The budget has agitated the financial market for several reasons. First, the Italian economy is the third largest in the Eurozone following Germany and France. Next, its banking system is facing deep fragility after two decades of poor economic growth. Finally, the country’s new populist government has a controversial agenda involving raising pensions and a basic income.

The government insists this will have “abolished poverty”.

Italy’s coalition government was formed earlier in June. It unites the anti-establishment Five Star Movement and the hard-right League. Moreover, the coalition government made an overnight agreement to set forth a budget deficit next year equalling 2.4% of Italian GDP.

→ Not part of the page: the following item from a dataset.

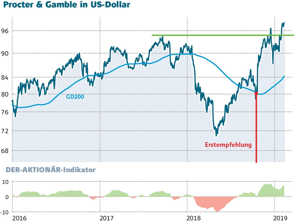 Dieses Krisendepot ist breit diversifiziert und enthält neben soliden Anleihen und Gold vor allem fundamental starke Aktien. Diese können Anleger im wöchentlich erscheinenden GebertBrief verfolgen. Eine davon ist der Verbrauchsgüterhersteller Procter & Gamble. Seit der Erstempfehlung im Oktober 2018 konnte die Aktie bereits über 27 Prozent steigen und dies gegenüber einem schwachen Gesamtmarkt. Dafür gesorgt haben vor allem starke Geschäftszahlen. Zwar stagnierte der Umsatz im Vergleich zum Vorjahreszeitraum bei 17,4 Milliarden Dollar im abgelaufenen Quartal. Dank Preiserhöhungen und einer starken Nachfrage nach Schönheitsprodukten steigerte sich aber der Gewinn um fünf Prozent auf 1,25 Dollar je Aktie.

But, the country’s finance minister, Giovanni Tria, had been promoting a 1.6%. Mr Tria remains unaffiliated to either party in the coalition.

Italian media have reported that the finance minister was persuaded by the president not to resign following Italy’s budget.

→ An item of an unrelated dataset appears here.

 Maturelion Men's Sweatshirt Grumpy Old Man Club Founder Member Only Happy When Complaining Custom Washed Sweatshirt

Following the news, the yield on 10-year government bonds rose above 3%. Moreover, the Milan stock exchange dropped by over 2% earlier today. Indeed, a handful of banks saw a decline of at least 5%.

Despite being under the EU’s deficit limit of 3% of GDP, the news has caused controversy. Italy is indeed the third-largest economy in the Eurozone but debt currently stands at 131% of national output. This makes Italy’s government debt second to Greece.

Italy’s populist government rose to power through the promise of tax cuts, new social welfare policies and improved pensions. In fact, a minimum basic unemployment income is predicted to cost €10 billion alone. All these programmes have a very high price.

Luigi Di Maio, deputy prime minister and leader of the Five Star party, insists that:

“We, in a decisive manner, with this budget law, will have abolished poverty”.